Total RNA was extracted via TRIzol reagent (Invitrogen) and reverse transcribed into cDNA via HiScript® IIQ Select RT SuperMix for qPCR (Vazyme, Inc.). Real-time PCR was performed using 2∗Q3 SYBR qPCR master mix (TOLOBIO, Inc.) for real-time PCR. The primers used are shown in Table 1. GAPDH was used as an internal control. All PCR products were determined via the 2-Δ Δ CT method.

Table 1.

Primers for real-time PCR.

Gene	Forward5’ -3′	Reverse5’ -3′
GAPDH mmu-miR-874-3p	CCTCGTCCCGTAGACAAAATG ACACTCCAGCTGGG CTGCCCTGGCCCGAGG	TGAGGTCAATGAAGGGGTCGT TGGTGTCGTGGAGTCG

2.11. Statistical analyses

Statistical analysis of the data was performed via SPSS software (version 21.0, IBM Corp., Armonk, NY) and GraphPad Prism 8.0.1 (GraphPad, San Diego, CA, USA). The data are presented as the means ± SDs, and a p value of less than 0.05 was considered to indicate statistical significance. Differences among groups were analyzed using one-way analysis of variance (ANOVA) followed by Tukey's post hoc test.

All groups consisted of n = 10 mice per group (Con, Cis, and BMSCs-exo) and animals were randomly assigned at the start of the experiment. For each figure/panel, the actual sample size (n) is indicated in the manuscript: Fig. 2A–D (sCr, BUN,PAS and histopathological scores) used n = 10/group; Fig. 2E and F and Fig. 6 (IHC for NGAL, KIM-1, Wnt4, β-catenin, FZD5 and CD31) used n = 3/group; Fig. 2G (in vivo and exosome imaging) used n = 5/group; Fig. 4 (qPCR for miR-874-3p) used n = 3/group; and Fig. 5 (Western blots for Wnt4, β-catenin, FZD5 and CD31) used n = 3/group. With the exception of the in vivo imaging (n = 5/group), these smaller sample sizes represent randomly selected subsets drawn from the full cohort of n = 10 animals per group. All animals were included in the study and no animals or data were excluded (there were no missing data). Importantly, all biological replicates are independent individuals — each data point originates from a different mouse, and repeated measurements from the same animal were not treated as independent replicates.

Fig. 2.

Repair effects of BMSCs-exo on a cisplatin-induced acute kidney injury model. The renal function of the mice was assessed by measuring the serum creatinine (sCr) and blood urea nitrogen (BUN) concentrations separately. The sCr and BUN concentrations gradually increased in the Cis group, and the increase was significantly inhibited in the BMSCs-exo group. The most significant decrease was observed at 48 h and 72 h. The data are expressed as the means ± standard deviations (n = 10/group). A) Serum creatinine (sCr); B) blood urea nitrogen (BUN); C) representative PAS staining of renal sections from the Con, Cis, and BMSCs-exo groups, original magnification of the images in the lower panel, × 20, scale bars, 100 μm and original magnification of the images in the upper panel, × 40, scale bars, 50 μm; D) The histopathological scoring of renal tubular injury was defined as tubular dilatation, tubular necrosis, protein cast formation, cell debris in the lumen and intraepithelial vacuolar degeneration of renal tubular epithelial cells.
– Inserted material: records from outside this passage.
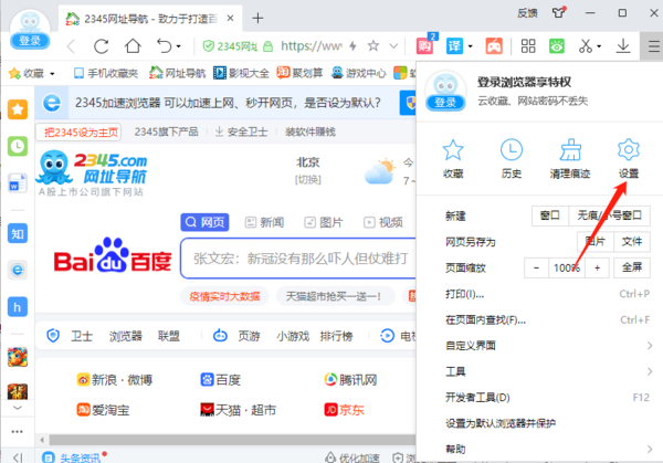 对于2345加速浏览器的游戏区调整,还是在设置中,我们以相同方法进入设置即可。
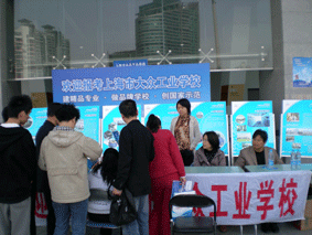 在我校展位前,现场人头涌动,家长们有序询问着学校的教学状况,专业设置,毕业去向。很多家长都是慕名而来,虽然学校地处嘉定,对于市区的同学显的稍远些,但多数家长依然表示对于学校的半军事化管理很有特色,放心让孩子住宿在学校。
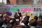 [경남도민뉴스=김완호 기자] 박강수 마포구청장은 3월 13일 오후 1시 30분, 쌍룡산근린공원(염리동 532-5)에서 열린 ‘쌍룡산근린공원 실내놀이터 조성사업 준공식’에 참석해 어린이와 가족을 위한 새로운 놀이공간의 조성을 축하했다. 쌍룡산근린공원 실내놀이터는 미세먼지와 폭염, 한파 등 날씨의 영향을 크게 받지 않고 아이들이 사계절 내내 이용할 수 있도록 조성된 공간이다. 실내에는 통슬라이드와 낚시놀이, 미디어존 등 다양한 놀이시설을 갖췄고, 보호자를 위한 휴식 공간도 함께 마련해 가족 단위 이용객의 편의를 높였다. 여기에 옥상 잔디광장, 휴식 공간이 더해지면서 실내 놀이와 야외 활동을 함께 즐길 수 있도록 했으며, 주변에는 수목관찰 오솔길과 매화나무·산수유나무 등 다양한 수목과 초화류를 갖춰 어린이들이 자연을 가까이에서 함께할 수 있도록 했다. 박강수 마포구청장은 실내놀이터 내부와 옥상 공간 등을 둘러본 뒤 주민들과 함께 기념식수를 하며 현장을 살폈다. 박 구청장은 “최근 우천과 폭염, 폭설 등 날씨와 관계없이 아이들이 안전하게 이용할 수 있는 실내공간의 필요성이 점점 커지고 있다”라
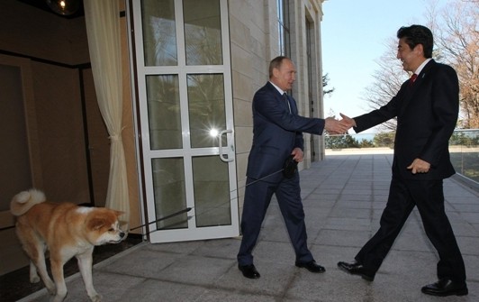 2012年7月访俄时送给普京的礼物是一只秋田犬,名字意思是“梦”,送的时候3个月大,现在已快两岁。普京在迎接安倍时专门带上它同安倍重会。俄罗斯媒体报道,见到Yume后,安倍用俄语说了一句“好狗”,普京回答说:“但它有时候也咬人。” 网友周龙然说 用狗迎接安倍真的恰当不过【普京牵着宠物狗会见安倍】 谢鑫少年本格推理 牵着狗……好吧,老普你赢了……【普京牵着宠物狗会见安倍】
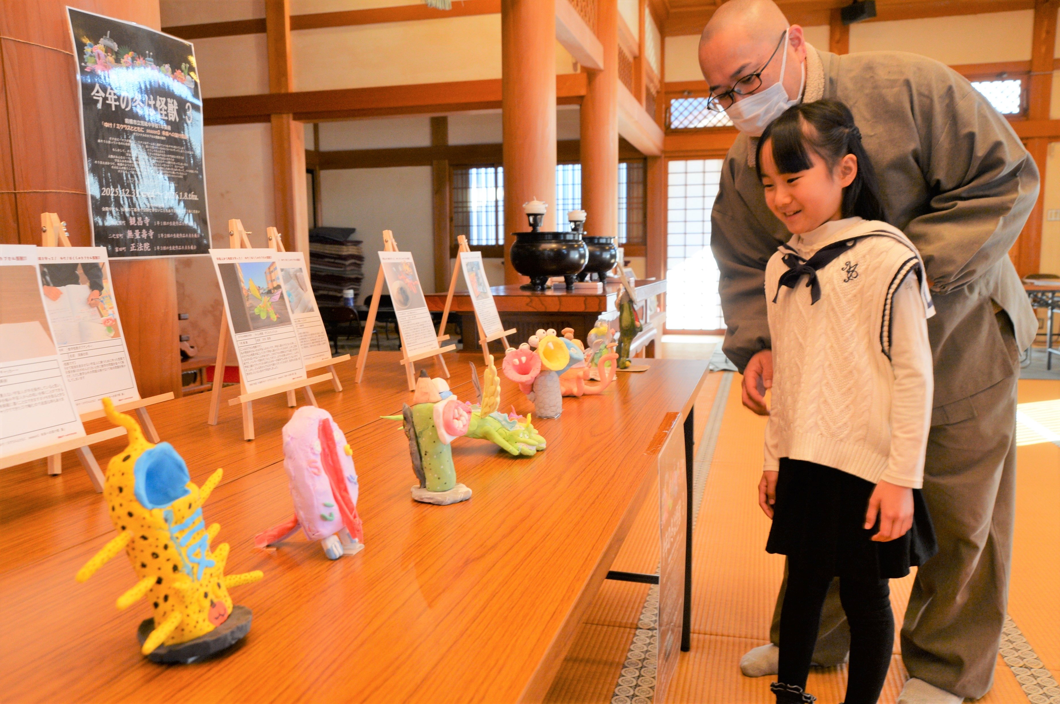 群馬県前橋市の荒砥中の1年生が美術の授業で空想して粘土で作った、自分を助けてくれる「怪獣」の展示が8日まで、校区内3寺で開かれている。愛嬌(あいきょう)のある各8体が正月の参拝者を出迎える。

Histopathologic scores were based on the percentage of affected tubules in renal sections, as described in the Materials and Methods. The data are expressed as the means±standard deviations (n = 10/group). ∗∗∗∗P < 0.0001; ∗∗P < 0.001; ∗P < 0.05; ns, no significant difference. E) Representative images of immunohistochemistry staining of NGAL in kidneys from different groups, × 40; scale bar, 50 μm) after 72 h of cisplatin administration (n = 3/group). F) Representative images of immunohistochemistry staining of KIM1 in kidneys from different groups, × 40; scale bar, 50 μm) after 72 h of cisplatin administration (n = 3/group). G) Representative in vivo fluorescence imaging of control and treated mice following tail-vein injection of PKH26-labeled BMSCs-exo (n = 5/group).

Fig. 6.

Kidney tissues were collected 72 h after cisplatin injection for immunohistochemical staining to analyze the expression and localization of proteins related to the Wnt/β-catenin pathway. A) Expression of Wnt4: positive signals (brownish color) were localized in the cytoplasm and mesenchyme of renal tubular epithelial cells, with stronger expression in the Con group and significantly weakened expression in the Cis, and the intensity of the expression was restored and enhanced after the intervention with BMSCs-exo, which was consistent with the trend of the upregulation of Wnt4 protein expression observed via Western blotting (n = 3/group). B) Expression of β-catenin: The intranuclear positive signal (indicated by arrows) was weak in the control group, further reduced in the Cis, and significantly enhanced after BMSCs-exo intervention, which was consistent with the results of intranuclear β-catenin accumulation detected by Western blotting (n = 3/group). C) FZD5 expression: the positive signal was distributed in the vascular endothelium and renal tubular basement membrane, with stronger expression in the Cis, and the signal intensity was significantly reduced after BMSC-exo intervention, which was in line with the trend of downregulation of the FZD5 protein shown by Western blotting (n = 3/group). D) CD31 expression: Positive signals (brown) predominantly localized to vascular endothelial cells. Controls displayed robust CD31 expression, indicative of intact vascular networks. Cisplatin treatment markedly attenuated CD31 signals, suggesting that vascular integrity was impaired. BMSCs-exo restored and enhanced CD31 expression (n = 3/group), mirroring the recovery trends of Wnt4 and β-catenin.

Fig. 4.

To assess the regulatory effect of BMSCs-exo on cisplatin-induced kidney injury, the expression level of miR-874-3p in each group was detected via qPCR. The results revealed that miR-874-3p expression was significantly lower in the Cis group than in the Con group, whereas its expression level was significantly restored after BMSCs-exo intervention, suggesting that the exosomes effectively reversed cisplatin-induced miRNA inhibition. Con vs Cis, ∗∗P < 0.01 between the indicated groups; Cis vs BMSC-exos, ∗P < 0.05 between the indicated groups; Con vs BMSCs-exo, ns between the indicated groups(n = 3/group).

Fig. 5.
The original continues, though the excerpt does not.